For the example implementation shown in FIG. 2A, the ICD 150 is
disposed in an annular barrier and oriented such that ICD's inlet
receives an axial flow from the region 114, and the ICD's outlet
provides an axial flow to the region 115. The annular receiving
region 115 is the region between the base pipe 100 and a solid part
131 of the sand screen 34; and the annular receiving region 115
receives fluid flow through the ICD(s) 150. However, it is
understood that the ICD 150 (as well as other ICDs 150) may be
installed in other orientations and may be installed in devices
other than annular barriers, in accordance with further example
implementations. For example, in accordance with further example
implementations, the ICD 150 may be installed in a radial port or
recessed opening of a base pipe of a completion assembly, such that
the ICD 150 controls the radial flow of fluid between region
surrounding the assembly and a central passageway of the
assembly.
For the example implementation that is depicted in FIG. 2A, the
sleeve valve 120 includes a housing 124 that forms part of the base
pipe 104 and has at least one radial port 130 to establish fluid
communication between an annular fluid receiving region 115 and the
central passageway of the base pipe 104. The sleeve valve 120 also
includes an interior sliding sleeve 128 that is concentric with
and, in general, is disposed inside the housing 124. As its name
implies, the sliding sleeve 128 may be translated along the
longitudinal axis of the base pipe 104 for purposes of opening and
closing radial fluid communication through the radial port(s) 130.

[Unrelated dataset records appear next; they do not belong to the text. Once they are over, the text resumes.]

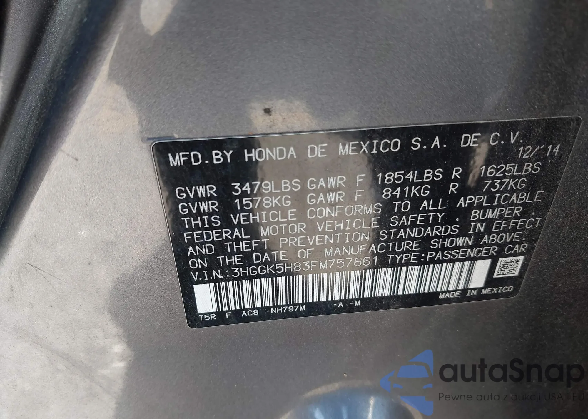 • VIN 3HGGK5H83FM757661
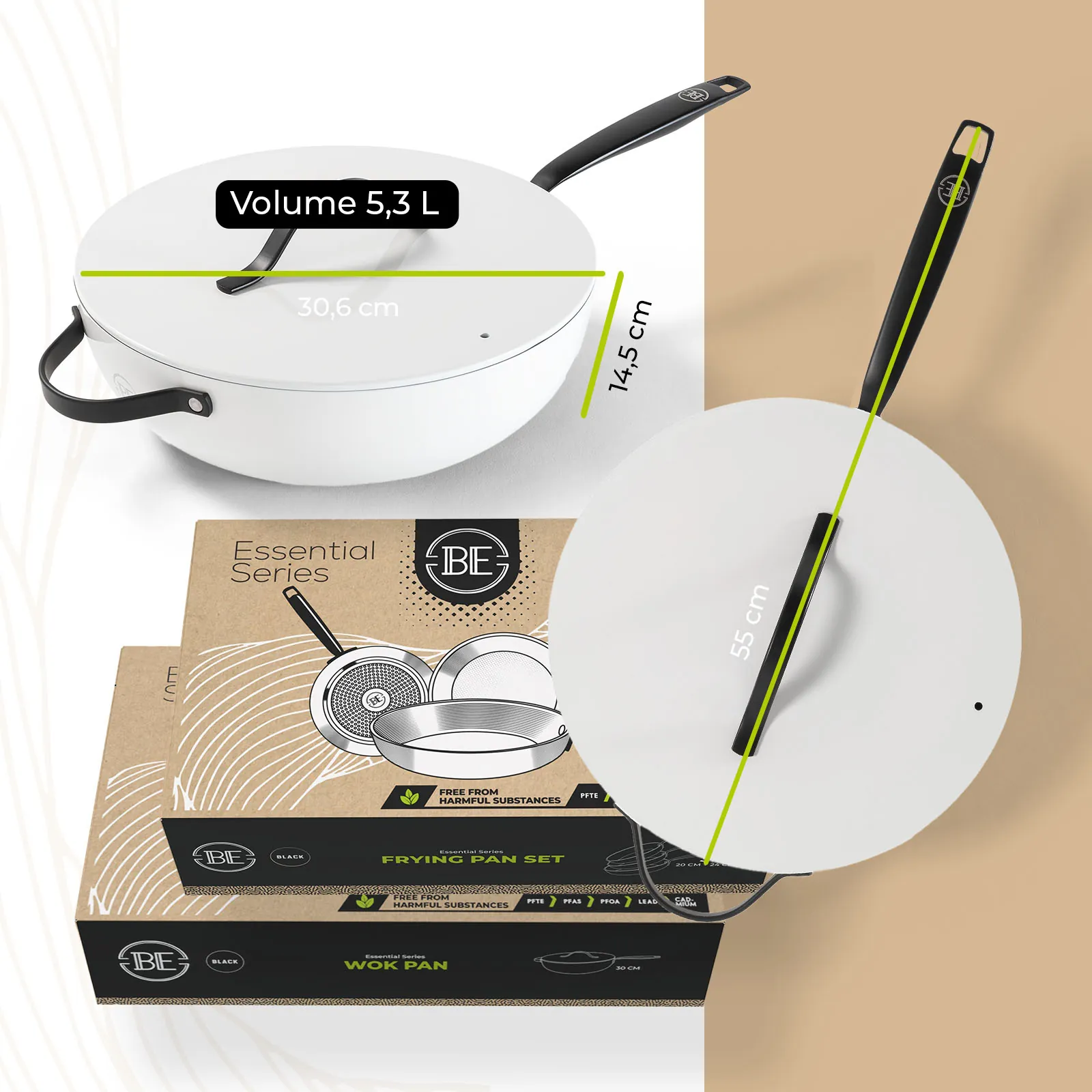 Bij BE Living staat jouw veiligheid centraal. De pannen zijn volledig vrij van PFAS, zodat je met een gerust hart kunt koken zonder schadelijke chemicaliën die in sommige anti-aanbaklagen worden aangetroffen. Dit maakt de pannenset een verantwoorde keuze voor jou en je gezin.
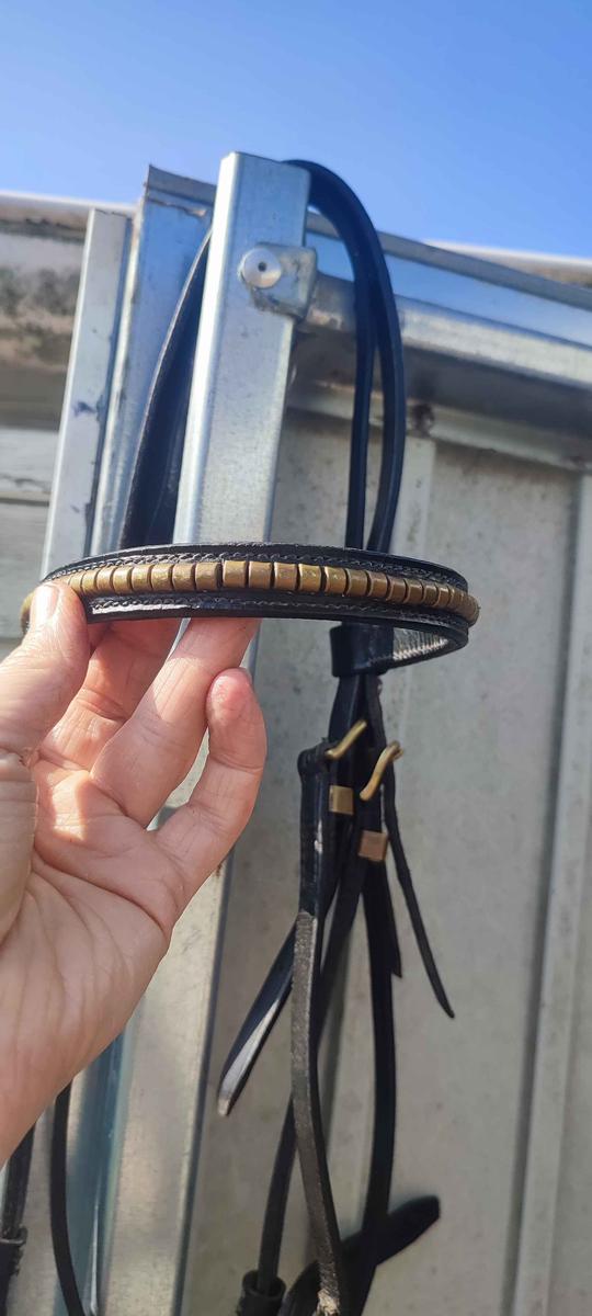 filet noir et doré taille cheval : peu être vendu avec le mors (5€ de plus)
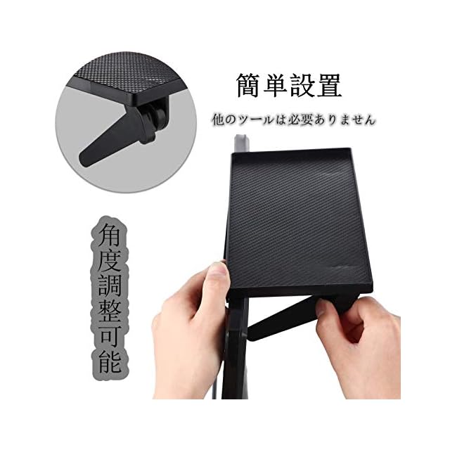【取り付け簡単】どなたでも簡単に設置出来ます。ボードと支える部分を接合するところにあるハンドルを折って、ディスプレの形状によって適当な角度を調整して、ハンドルを折り戻して固定完了です。
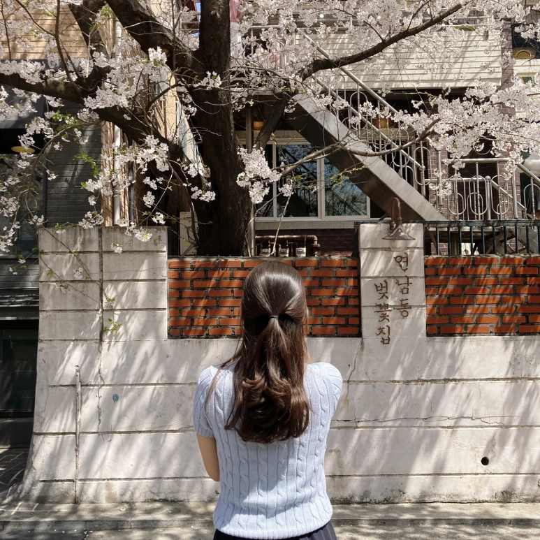 이대로 끝내기 아쉬우니 벚꽃 사진 명소를 추천합니다. 제가 매일 걷는 산책길에 있는 카페 '연남동 벚꽃집' 앞인데요. 카페 이름처럼 벚꽃 맛집입니다. 올해도 프사를 건져보겠습니다. 룰루~

In this manner, the sliding sleeve 128 contains at least one radial
port 132 to allow radial fluid communication through the port(s)

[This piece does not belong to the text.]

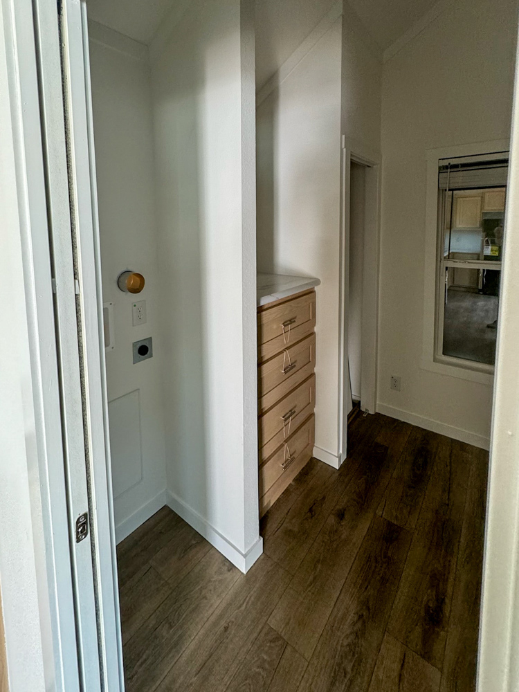 - Flat white ‘Craftsman’ ceiling, window & door trim

132 (and port(s) 130) when the sleeve 128 is translated to its open
position. When the sliding sleeve 128 is translated to its closed
position (see FIG. 2B), seals 136 (o-rings, for example), which are
disposed between the outer surface of the sleeve 128 and the inner
surface of the housing 124 isolate the ports 130 and 132 from each
other, thereby blocking off fluid communication through the sleeve
valve 120.
The sleeve 128 may be translated between its open (FIG. 2A) and
closed (FIG. 2B) positions using a variety of different mechanisms,
depending on the particular implementation. As a non-limiting
example, the sleeve 128 may be translated to its different
positions by a shifting tool that has an outer surface profile that
is constructed to engage an inner surface profile (such as
exemplary inner profiles 127 and 129, for example) of the sleeve
128. Other variations are contemplated and are within the scope of
the appended claims.
It is noted that FIGS. 2A and 2B depict a completion assembly in
accordance with one of many possible implementations. For example,
the sleeve valve 120 may be located uphole or downhole with respect
to the sand screen 34; and in accordance with further example
implementations, a completion assembly may not include a sleeve
valve and may not include a screen. Thus, many variations are
contemplated and are within the scope of the appended claims.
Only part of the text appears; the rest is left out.